DESCRIPTION (provided by applicant): The incidence of hepatocellular carcinoma (HCC) has recently increased in the United States. HCC is/will be the source of enormous health care costs and morbidity/mortality, and generally develops in patients with advanced liver damage (advanced fibrosis and cirrhosis). Although imaging plays a major role in HCC screening and staging, the possibility of predicting HCC tumor grade, aggressiveness, angiogenesis and hypoxia with imaging are unmet needs. In addition, new antiangiogenic drugs now available to treat advanced HCC necessitate the use of new imaging criteria beyond size. In this proposal, we would like to test and validate non invasive magnet resonance imaging (MRI) methods based on advanced diffusion-weighted imaging (intravoxel incoherent motion diffusion MRI: IVIM DWI), BOLD (blood oxygen level dependent) MRI and perfusion-weighted imaging (PWI, using gadolinium contrast) to be used as non invasive markers of major histopathologic features of HCC (grade, aggressiveness, angiogenesis and hypoxia), and to predict and assess early response of HCC to systemic therapy with sorafenib (systemic drug approved for use in advanced HCC). We also would like to develop quality control tools to improve the quality and decrease variability of these quantitative MRI metrics. Based on our recent preliminary data, we believe that DWI has potential for predicting HCC tumor grade, and HCC response to locoregional therapy; and that BOLD MRI and PWI can be used to quantify degree of vascularity and lack of oxygen supply (hypoxia) in HCC, which are important tumor markers, and could be used as early markers of response to sorafenib. Ultimately, we are hoping to validate a novel non invasive algorithm based on multiparametric MRI to predict response of HCC to sorafenib, and to predict prognosis. These methods could become useful tools for testing new antiangiogenic drugs and experimental therapies in HCC, will enable individualized therapy, and provide prognosis in patients with HCC. This will be a highly significant progress in HCC and liver diseases given the increased burden of HCC in this country, and would benefit a large number of Americans over the next decade.

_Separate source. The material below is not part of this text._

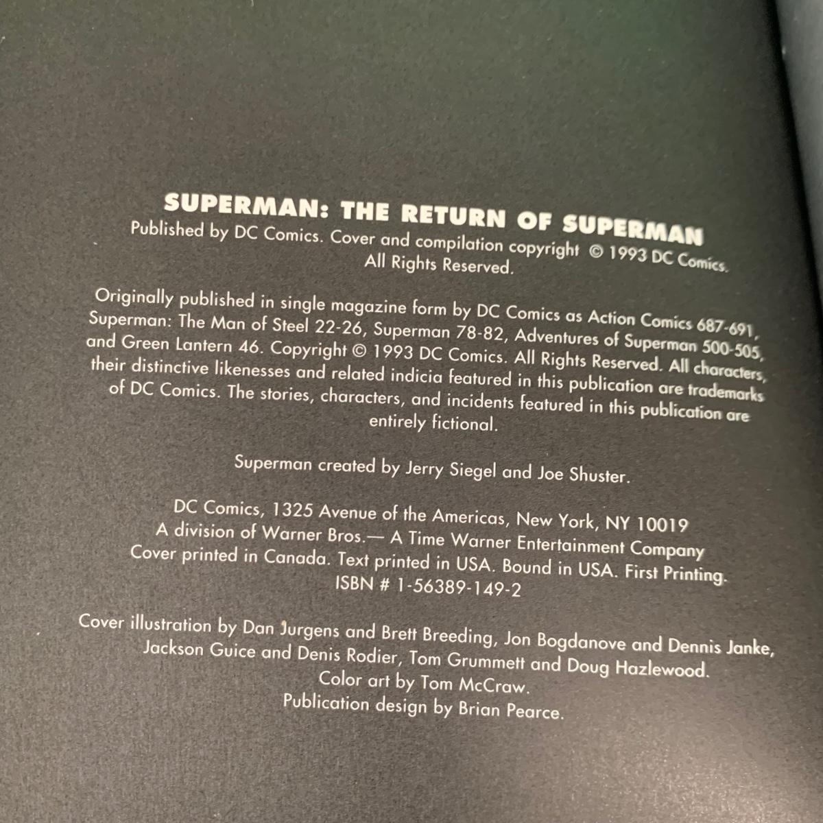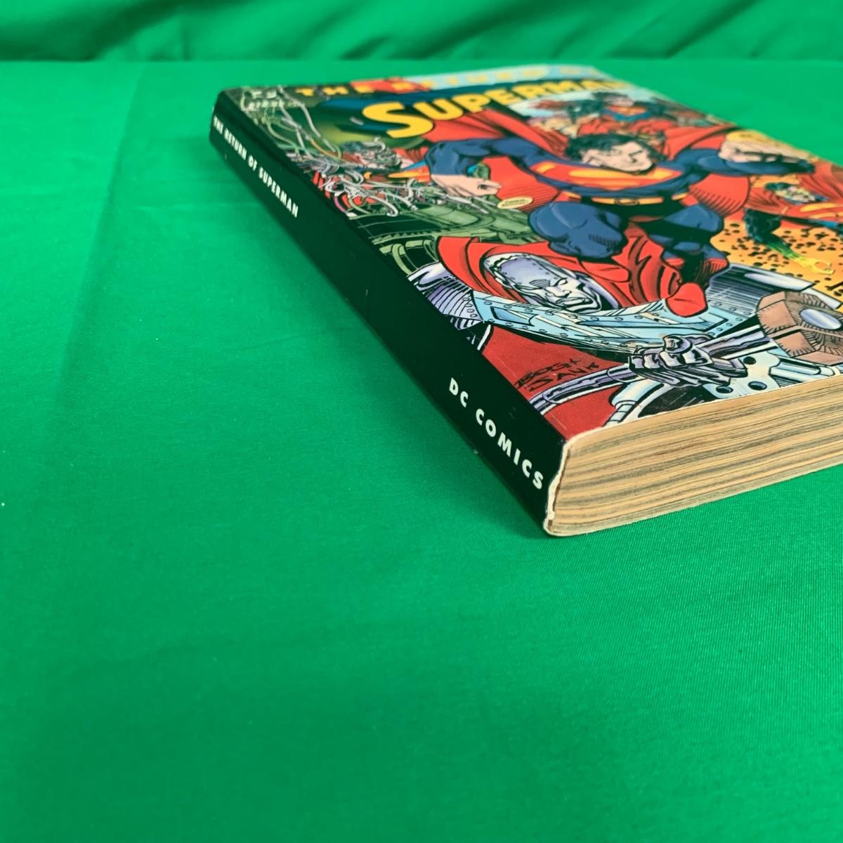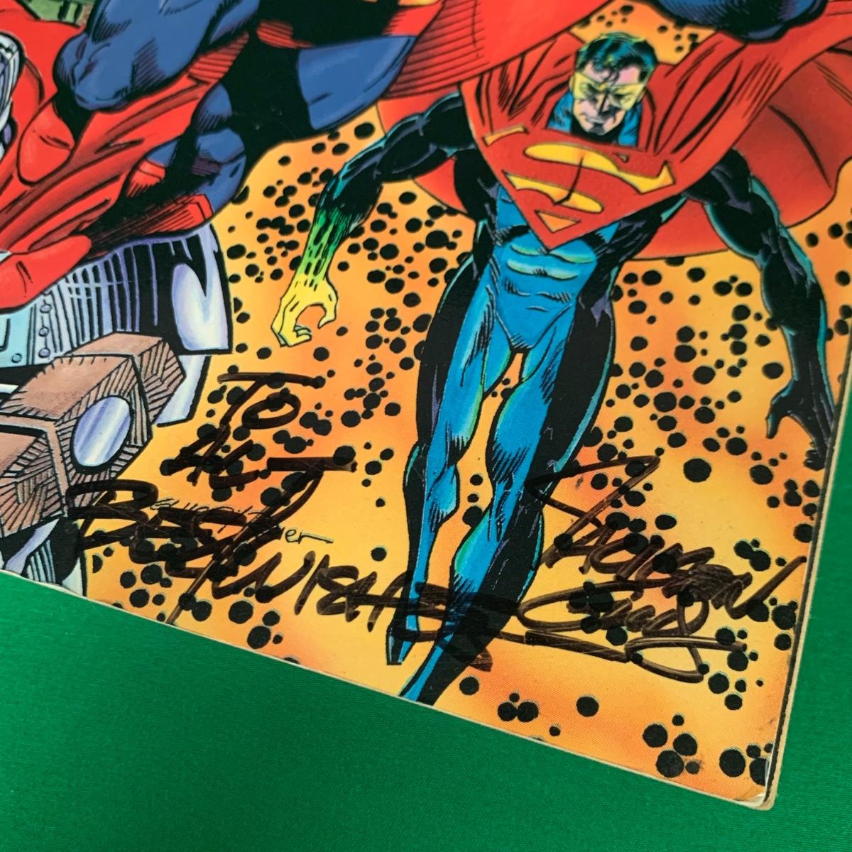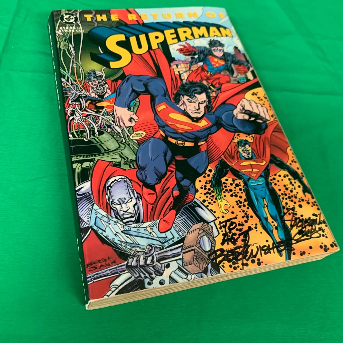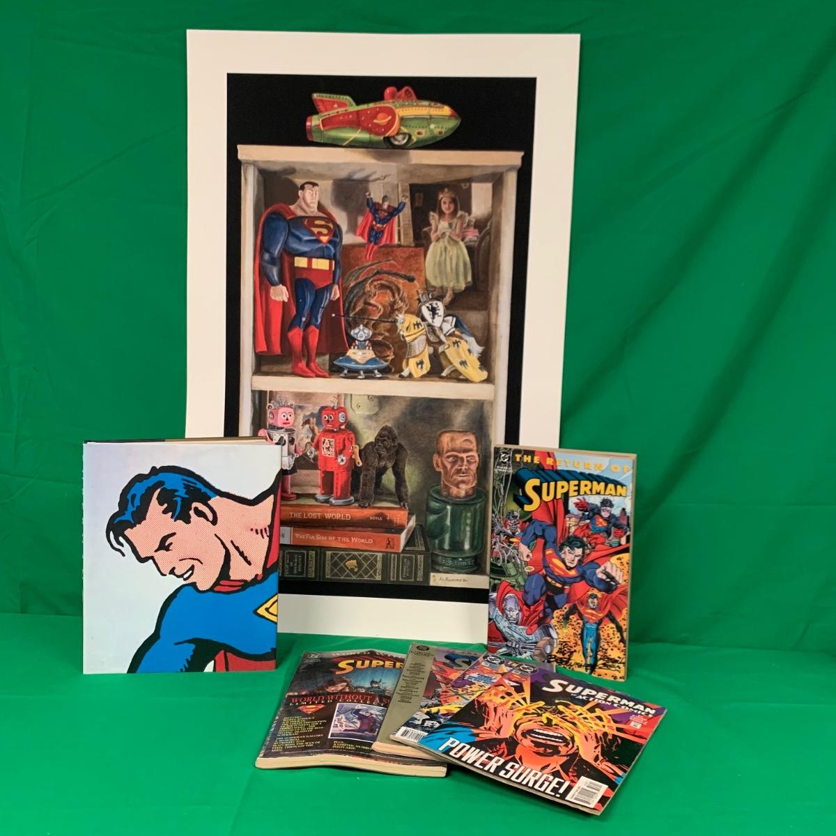 Superman themed lot including hardcover book “Superman: The Complete History”, with five other Superman books and comics, plus a large giclee fine art print of art done by Al Ramirez. Print is 19” x 30”H and has original signature. There are some small blemishes on the white border around the art. “The Return of Superman” is autographed on the front cover. It appears to be the signature of Jackson “Butch” Guice.

描述（由申请人提供）：肝细胞癌（HCC）的发病率最近在美国有所增加。 HCC 是/将会是巨大的医疗保健费用和发病率/死亡率的根源，并且通常发生在患有晚期肝损伤（晚期纤维化和肝硬化）的患者中。 尽管影像学在 HCC 筛查和分期中发挥着重要作用，但通过影像学预测 HCC 肿瘤分级、侵袭性、血管生成和缺氧的可能性尚未得到满足。 此外，现在可用于治疗晚期 HCC 的新抗血管生成药物需要使用超越尺寸的新成像标准。 在本提案中，我们希望测试和验证基于先进扩散加权成像（像素内不相干运动扩散 MRI：IVIM DWI）、BOLD（血氧水平依赖）MRI 和灌注加权的非侵入性磁共振成像（MRI）方法成像（PWI，使用钆对比）用作 HCC 主要组织病理学特征（分级、侵袭性、血管生成和缺氧）的非侵入性标志物，并进行早期预测和评估HCC 对索拉非尼（批准用于晚期 HCC 的全身药物）全身治疗的反应。 我们还希望开发质量控制工具来提高这些定量 MRI 指标的质量并减少变异性。 根据我们最近的初步数据，我们相信 DWI 有潜力预测 HCC 肿瘤分级以及 HCC 对局部治疗的反应； BOLD MRI 和 PWI 可用于量化 HCC 中血管分布和供氧不足（缺氧）的程度，这些是重要的肿瘤标志物，并可用作索拉非尼反应的早期标志物。 最终，我们希望验证一种基于多参数 MRI 的新型非侵入性算法，以预测 HCC 对索拉非尼的反应并预测预后。 这些方法可能成为测试新的抗血管生成药物和 HCC 实验疗法的有用工具，使个体化治疗成为可能，并为 HCC 患者提供预后。 鉴于美国 HCC 负担的增加，这将是 HCC 和肝脏疾病方面的一项非常重大的进展，并将在未来十年造福大量美国人。